# Sets

## Lesson Overview

The set is a data structure that is common in both computer science and mathematics. 

If you have encountered a [set in mathematics](https://en.wikipedia.org/wiki/Finite_set), a [set in computer science](https://en.wikipedia.org/wiki/Set_(abstract_data_type)) is the same concept.

### Definition

> A **set** is an unordered collection of unique objects.

Sets collect unique objects. A set has no native order and cannot contain duplicate objects.

For example, you could use a set to keep track of the players in a basketball team. A set is a good choice since there is no obvious ordering for the players, and a team cannot contain the same player more than once.

### Initialization

Sets are generally initialized in one of two ways.

In [None]:
# Option 1: Using curly brackets.
my_set = {0, 2, 4, 6, 8}
print(my_set)

# Option 2: Using the `set` keyword with an array input.
your_set = set([0, 2, 4, 6, 8])
print(your_set)

Be careful though: the *only* correct way to initialize an empty set is with the set operator.
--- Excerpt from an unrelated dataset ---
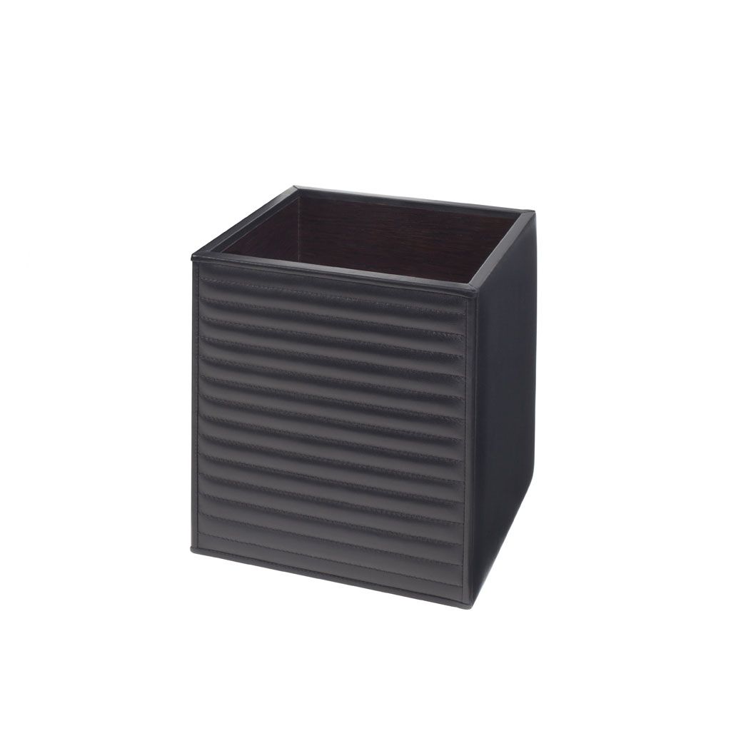 Waste basket, quilted striped leather on two sides, lining in varnished wood.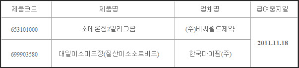 2. À§¿Í °ü·Ã, °æÀÎÁö¹æ½ÄǰÀǾàǰ¾ÈÀüû¿¡¼­ (ÁÖ)Á¦À̾ËÇÇ µî 4°³ ¾÷ü¿¡ ´ëÇØ 2011³â ÀǾàǰ ÀçÆò°¡(»ýµ¿¼º ½ÃÇè°èȹ¼­) ¹ÌÁ¦Ãâ(3Â÷)À» »çÀ¯·Î ÇØ´çǰ¸ñ(8ǰ¸ñ)À» '11.11.18ÀÏÀÚ·Î Çã°¡(½Å°í) Ãë¼ÒÇÏ¿´À½À» ¾Ë·Á¿Ô½À´Ï´Ù. ÀÌ¿¡ , ÇöÀç ±Þ¿©ÁßÀÎ ¾Æ·¡ 2ǰ¸ñ¿¡ ´ëÇØ ¾à°¡È­ÀÏ¿¡ 2011.11.18ÀÏÀÚ·Î ±Þ¿©ÁßÁö Á¶Ä¡ÇÔÀ» ¾Ë·Áµå¸®´Ï °ü·Ã ¾÷¹«¿¡ Âü°íÇϽñ⠹ٶø´Ï´Ù.

Assigning a variable to `{}` initializes an empty *map*, which is a different data structure that we will cover in a later lesson.

In [None]:
empty_set = set()

Sets typically contain only one type. Different languages vary on their different implementations of a set, and some allow different types within the same set. For this lesson, we will assume that a set can only contain one type.

### Properties

Let's look at some properties of sets. 

You can iterate through a set using `for`.

In [None]:
my_set = {0, 2, 4, 6, 8}
for i in my_set:
  print(i)

---

If you try to create a set from an array that has duplicate elements, the duplicate elements will be removed.

In [None]:
print({0, 0, 1, 1, 2, 2})
print(set([3, 4, 3, 4, 3, 4]))

---

Sets do not have an ordering.

In [None]:
ordered_set = {0, 1, 2, 3, 4}
jumbled_set = {1, 4, 3, 0, 2}

print(ordered_set == jumbled_set)

---

A consequence of sets not having an ordering is that elements cannot be accessed using indexing.

In [None]:
my_set = {0, 2, 4, 6, 8}
print(my_set[0]) # throws an error

### Methods

Let's look at some of the common set methods. 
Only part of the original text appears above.